*** EXCERPTED DATA
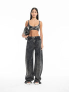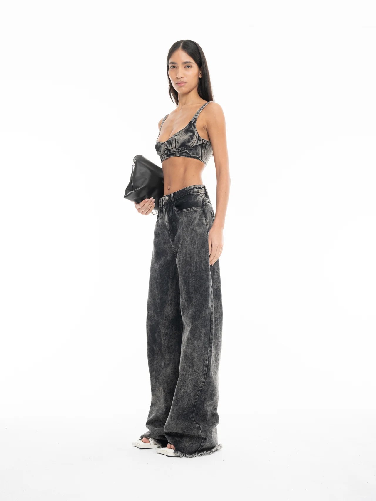 Discover the effortlessly chic aesthetic of the Classic M'A 5-pocket boyfriend jeans in black acid wash denim. These wide-leg jeans boast a relaxed fit, five-pocket design, and raw hems for a casual yet trendy feel.
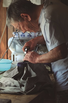 - 私の叔父さんは、服の仕立て屋さんです。最近では、服に穴が開いたり破けてしまったりサイズが合わなくなると、服を捨ててしまう人が多いと思います。叔父さんは持ち主が服を快適に着て過ごせるよう、心を込めて服を直しているそうです。70年も続けている服を作りかえる魔法を知ってもらいたくて、写真を撮りました。
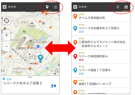 東京、大阪、名古屋の地域において、時間貸し駐車場の検索結果に、「満車」「空車」などのリアルタイム情報が表示されるようになっています。
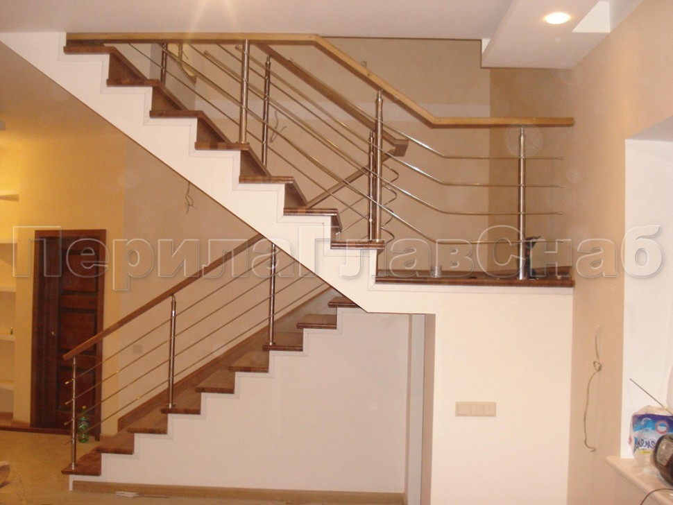 Три ригеля на сварке, квадратный деревянный поручень и круглые стойки
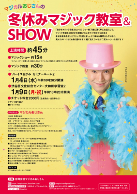 合同会社マジカルおじさんは、「観る・覚える・発表する」三拍子揃ったマジカルおじさんの冬休みマジック教室&SHOWを開催いたします。ぜひ冬休みにマジックを覚えて友達を楽しませましょう。お越しをお待ちしております。
******
ASSIGNMENT →
Would you please transcribe the listing in full, exactly, while omitting the images?

ANSWER SECTION →
 Discover the effortlessly chic aesthetic of the Classic M'A 5-pocket boyfriend jeans in black acid wash denim. These wide-leg jeans boast a relaxed fit, five-pocket design, and raw hems for a casual yet trendy feel.
 - 私の叔父さんは、服の仕立て屋さんです。最近では、服に穴が開いたり破けてしまったりサイズが合わなくなると、服を捨ててしまう人が多いと思います。叔父さんは持ち主が服を快適に着て過ごせるよう、心を込めて服を直しているそうです。70年も続けている服を作りかえる魔法を知ってもらいたくて、写真を撮りました。
 東京、大阪、名古屋の地域において、時間貸し駐車場の検索結果に、「満車」「空車」などのリアルタイム情報が表示されるようになっています。
 Три ригеля на сварке, квадратный деревянный поручень и круглые стойки
 合同会社マジカルおじさんは、「観る・覚える・発表する」三拍子揃ったマジカルおじさんの冬休みマジック教室&SHOWを開催いたします。ぜひ冬休みにマジックを覚えて友達を楽しませましょう。お越しをお待ちしております。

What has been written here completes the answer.